The Hatching, by Ezekiel Boone****

thehatching I was never afraid of spiders until I read this book. Thanks to Boone’s monstrous, boisterous, hair-raising new novel, I now eye the ceiling for wolf spiders that hunt at night just before I fall asleep…and I usually find one. I received this DRC in advance thanks to Net Galley and Atria Books, in exchange for this honest review. This book goes up for sale July 5, 2016 and frankly, I don’t know how you’re going to wait that long!

Right at the start, something has gone very wrong.  In Peru, a shadow falls upon a group of helpless tourists and devours them with breathtaking speed. Soon thereafter, China tells the world that it has inadvertently nuked one of its own villages. Just an accident; terribly sorry. Please don’t push that button, because we aren’t gunning for you, oh mighty imperialist powers.

When a bizarre package arrives at the laboratory of Melanie Guyer, she immediately tucks its contents into an glass tank where it can be watched in a secure environment. There. See now, that’s sensible. And yet…

Clear on the other side of the continent, the greater Los Angeles area finds itself under quarantine. With a finger to the wind, one soldier in charge of the containment eyes the razor wire and holding pens springing up and decides to make a break for it while he can. He powers the hell through the closed gate, because there’s a time to sacrifice for one’s country, but there’s also a time to save yourself first:

    He took the last few steps to the truck and had his hand on the door handle  when  he  heard the sound.  It was a sort of scraping…and he noticed there was something wrong …with the shadows. Over there, maybe twenty paces away, one of the shadows seemed to be moving a little, pulsing. He watched it, fascinated, and it wasn’t until a thread of black seemed to fall out of the shadow and unspool toward him that he broke from his reverie.

Uh oh.

However, survivalists in Desperation, California aren’t panicked; they’re gloating. All that preparation for doomsday, and now it’s here. Let’s have a party! The doors are sealed against radiation, against spiders, against whatever. The dog has even been trained to go potty on a little piece of Astroturf. They are so ready.

I wasn’t sure I liked this book at first.

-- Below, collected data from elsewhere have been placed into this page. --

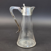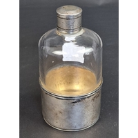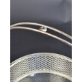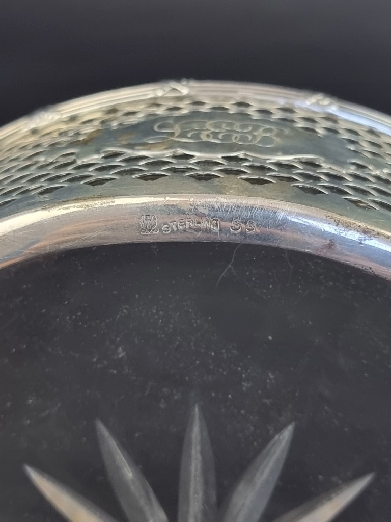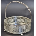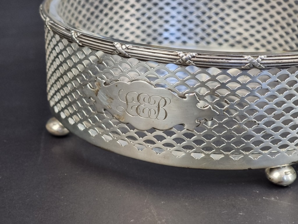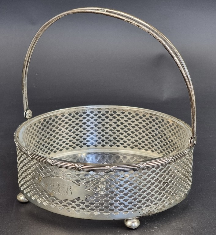 A white metal swing handled basket, with glass liner, stamped 'Sterling', 17cm diameter.
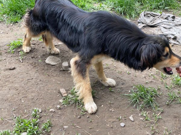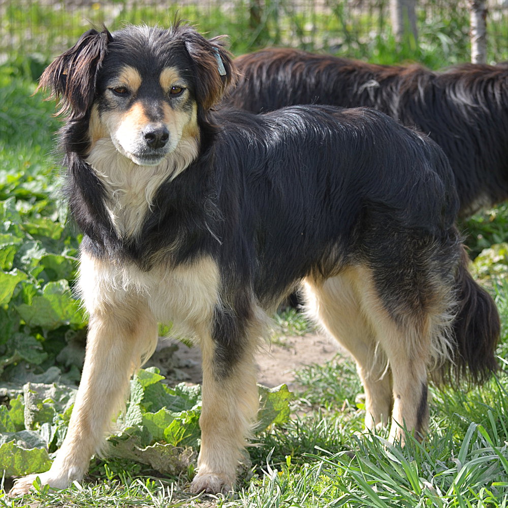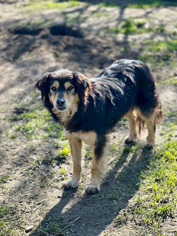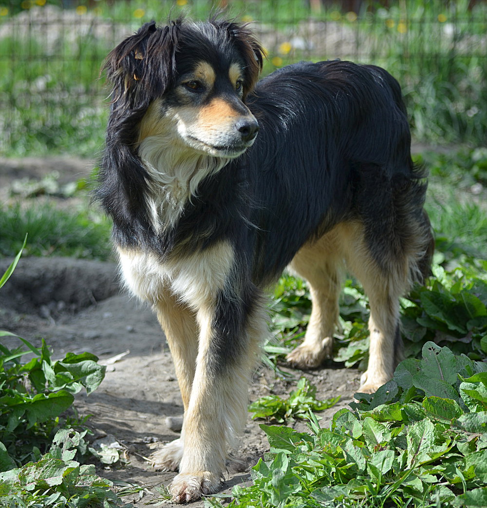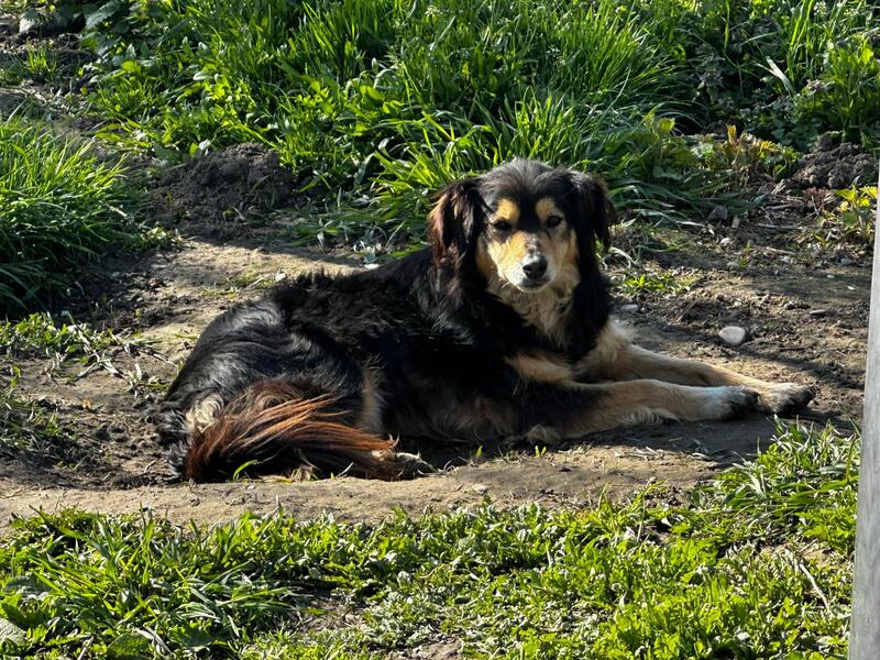 Bonni blieb während unseres Besuchs auf sicheren Abstand. Meist stand oder lang sie einige Meter entfernt. Als wir uns ihr zuwandten, entfernte sie sich nicht weiter, sondern nahm Leckerchen aus den Fingern. Sie lebt in einer festen Hundegruppe im Auslauf. Sie sollte mindestens Zweithund werden.
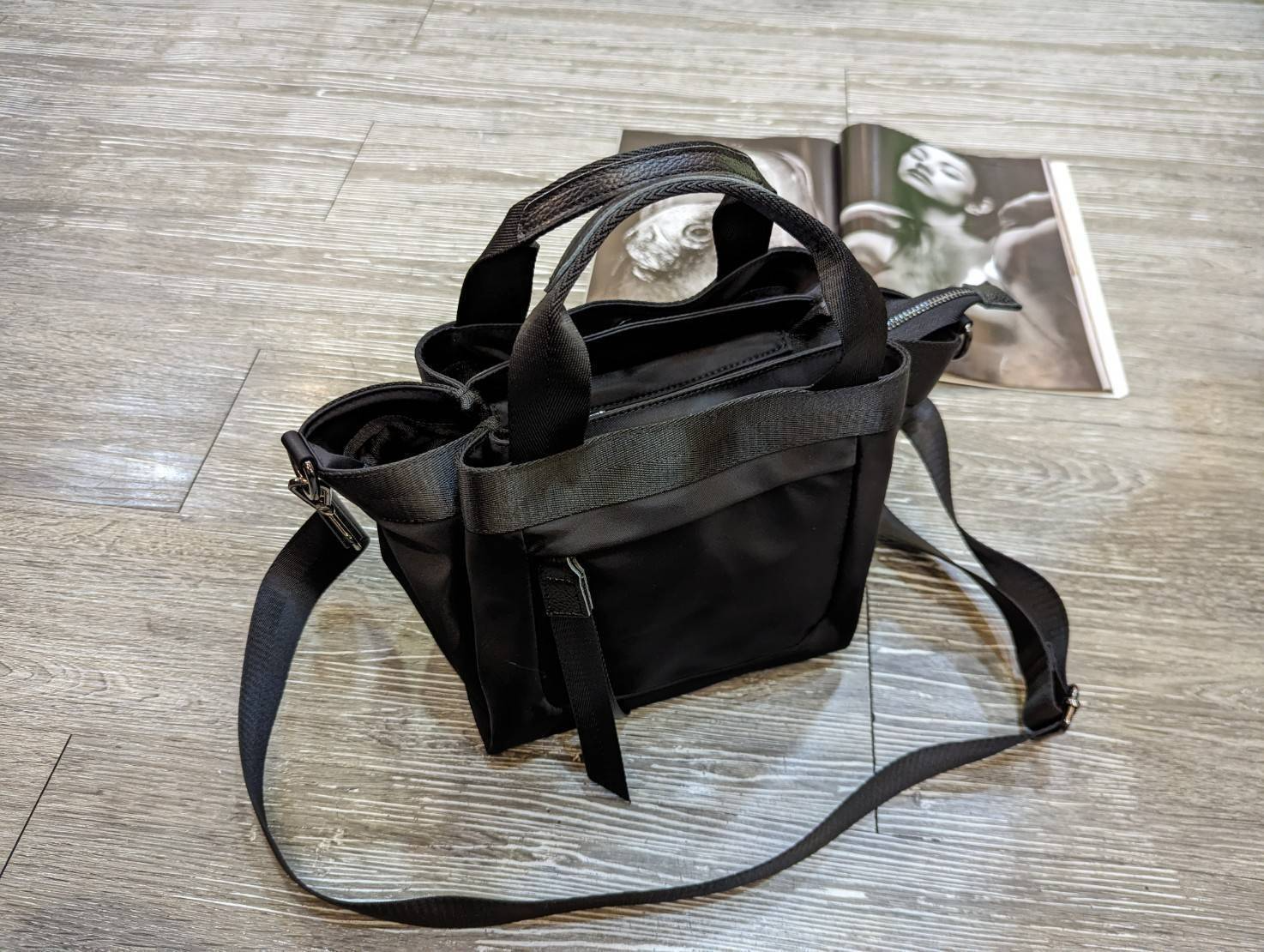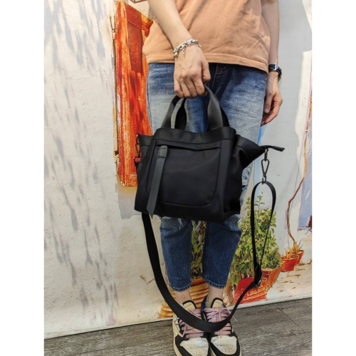 防水布經典多層手提袋(新版),它是款非常流行又經典的多層次手提方包,最新前多了實用拉錬口袋,並搭配大織帶皮拉設計,不僅較具設計感也方便開拉,採最新防水布所訂制,休閒又輕盈好清潔,三層式內袋設計非常實用,前後吸扣口袋可置放手機/小水瓶等,主袋容量空間也非常大,不管長夾/保溫瓶/折疊傘通通可放下(左右還有小插袋},很適合平常或外出旅遊使用~簡約休閒二用手提布包

The moment when the first spider popped out of the first human host, I made a note in my e-reader saying this is just another version of the 1970’s movie Alien, but with spiders. Still, I continued to read.

When the president of the United States asks quite seriously whether zombies are involved, right around the halfway mark, I wanted to throw my kindle across the bedroom. If it had been a library book, I would have slammed it shut and put it in my tote bag to return first thing in the morning. But it wasn’t a library book, it was a DRC, and so I had an obligation, and I gritted my teeth (president. Zombies! My ass,) and continued reading. And I am really glad I did, friends, because it got so much better.

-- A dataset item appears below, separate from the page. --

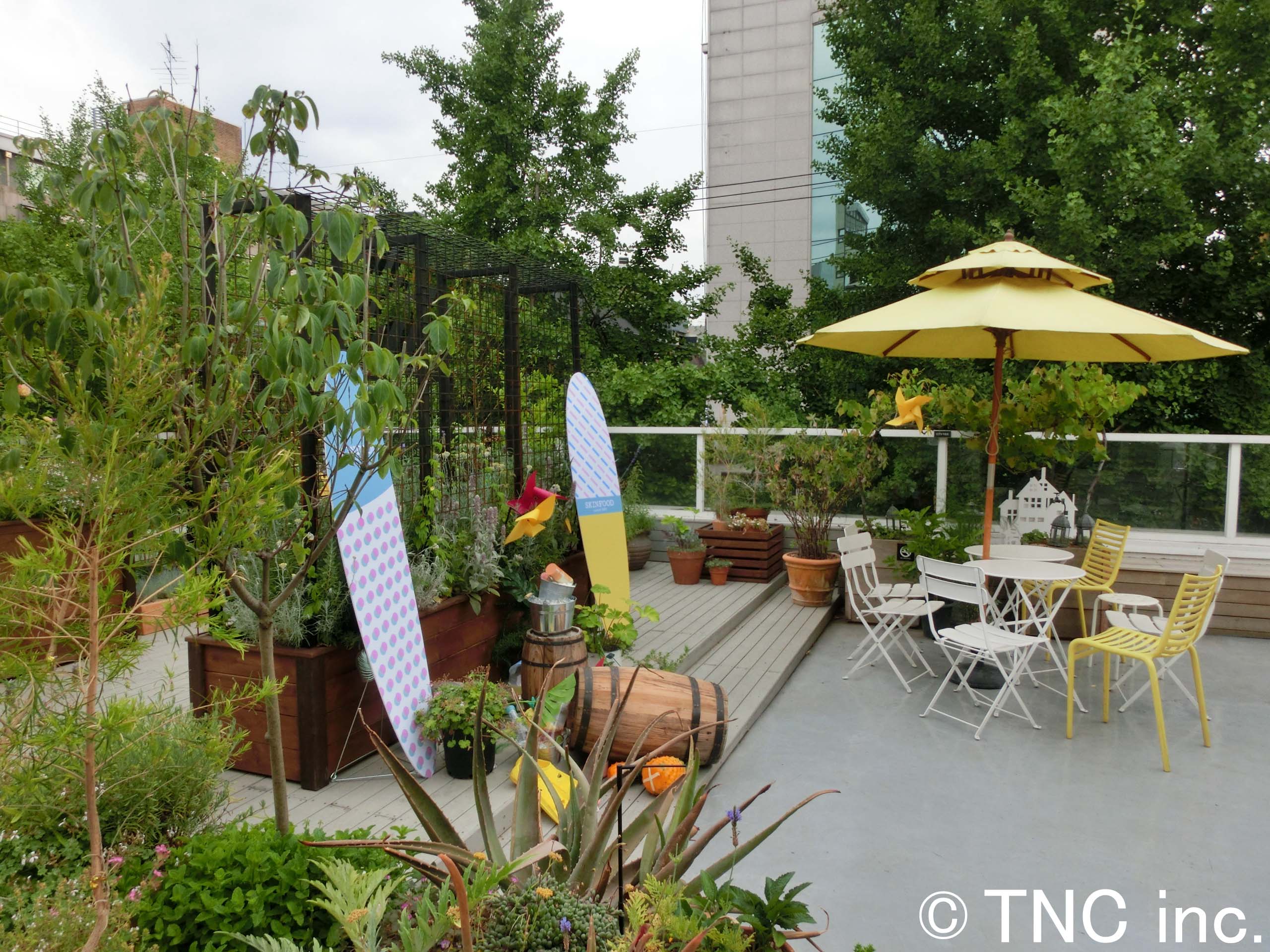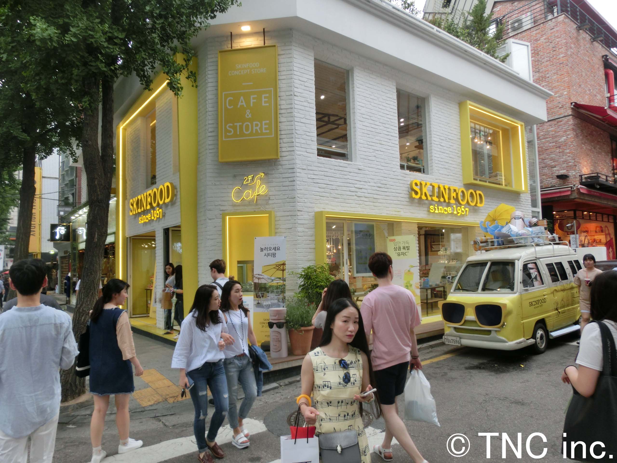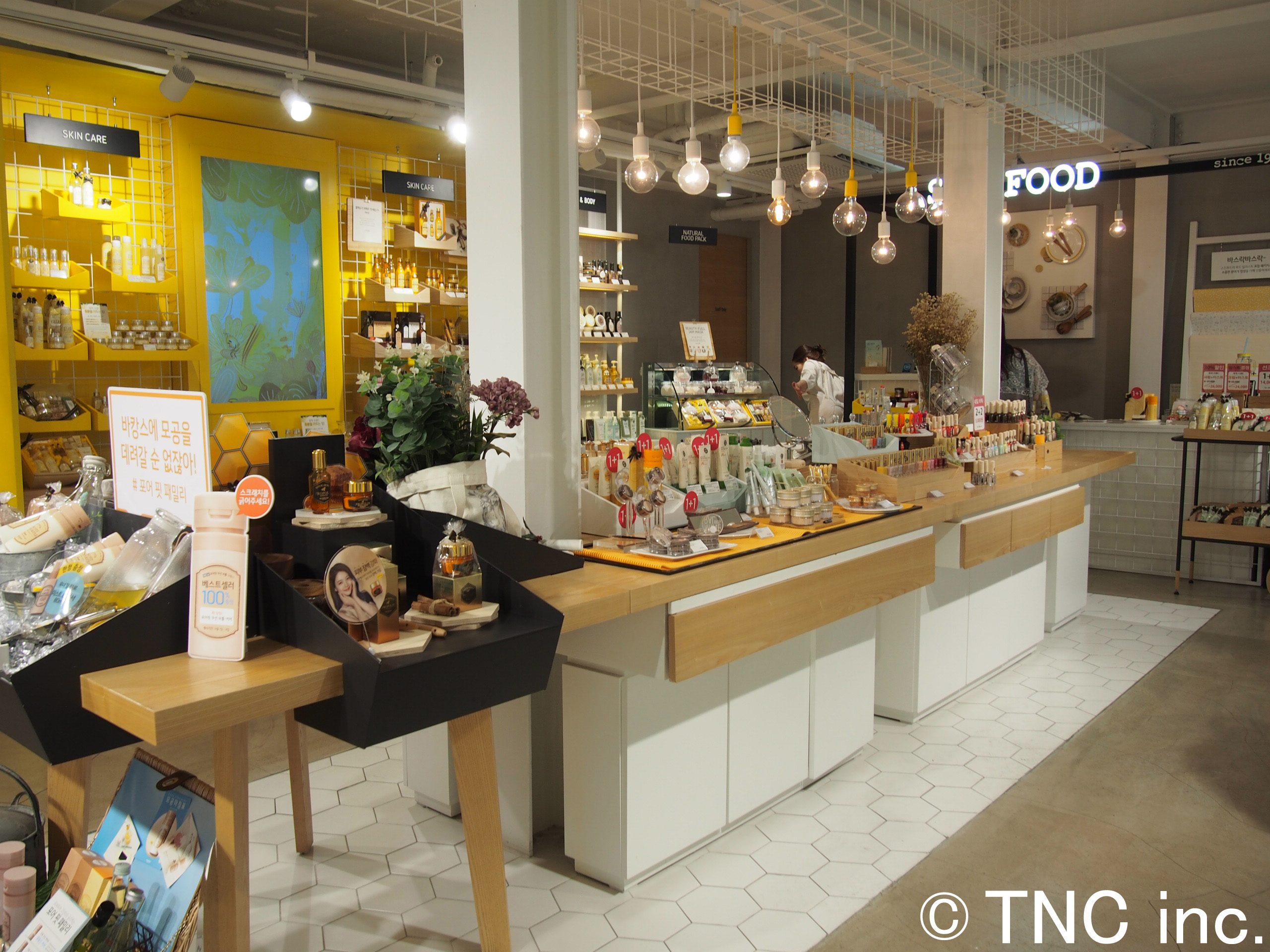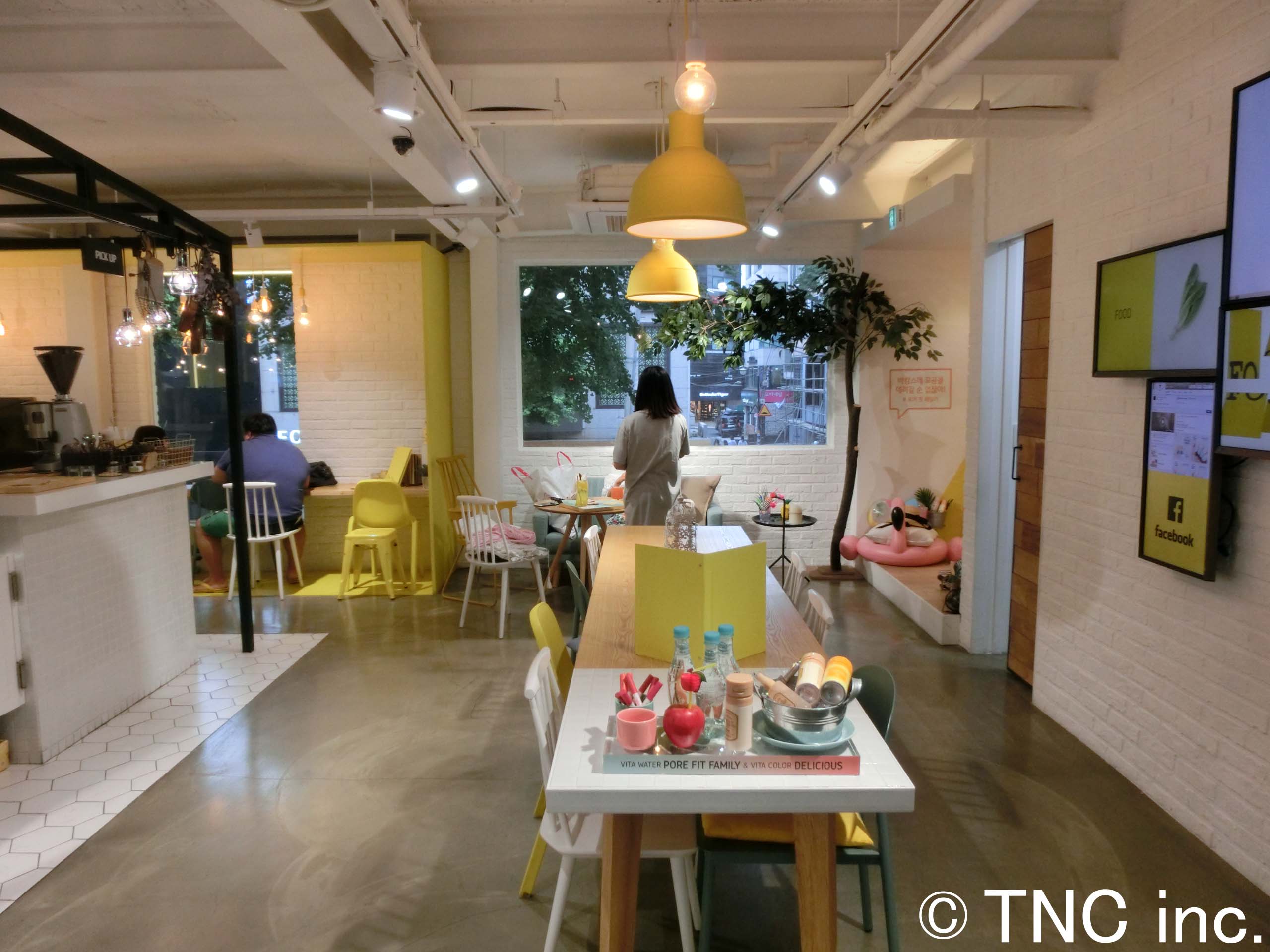 東京でいう表参道のような人気エリア・新沙洞(シンサドン)カロスキルにある、「食」をテーマにした話題のコスメブランド「SKINFOOD」のショップ。1階は通常の商品販売フロアで2階にはカフェスペース、3階には「シティファーム」という都市型農園+テラスフロアとなっています。取材時には1階の販売フロアで「柚子」にフィーチャーしたコスメ商品を推しており、その企画に連動して2階のカフェでは柚子を使ったスイーツ・ドリンクメニューを提供するなど、ショップ全体で「食品+コスメ」というブランドコンセプトが伝わりやすい効果的なブランディングを行っています。

Let’s go back to the movie Alien. For those unacquainted with this cult classic, the story devolves around aliens that seek human hosts. The setting of Alien is a space ship, so they’re a very long way from home and help; yet they are also contained.  And as I read on, I realized that in Boone’s setting—the entire planet—there are so many more possibilities. I hit about the sixty percent mark and had to munch my way through the rest, if you’ll pardon the expression, until the very last page was done.

I found myself pondering the possibility of a sequel.

I nearly tacked on the fifth star, because this was tremendously entertaining, and Boone breaks up the horror with odd places, few and unexpected, that are laugh-out-loud funny. But then I reflected on the fact that I rated every single thing Michael Crichton ever wrote as four stars, and I see this quirky, horrifying, delicious novel as on a par with Crichton. Rather than hustle back and re-rate everything Crichton ever wrote, which would be a bit impulsive, I stuck to the four star standard.

There’s no explicit sex here, but there’s plenty of gore. Those that love good horror and science fiction should snap this book up right away. And if one is looking for a summer read to keep your nerdy teen out of trouble for a hot minute over the summer, this is a good choice for that set also.

But you’ll never see a spider web in quite the same way once you’ve read it!

Huge fun for anyone not already genuinely afraid of spiders.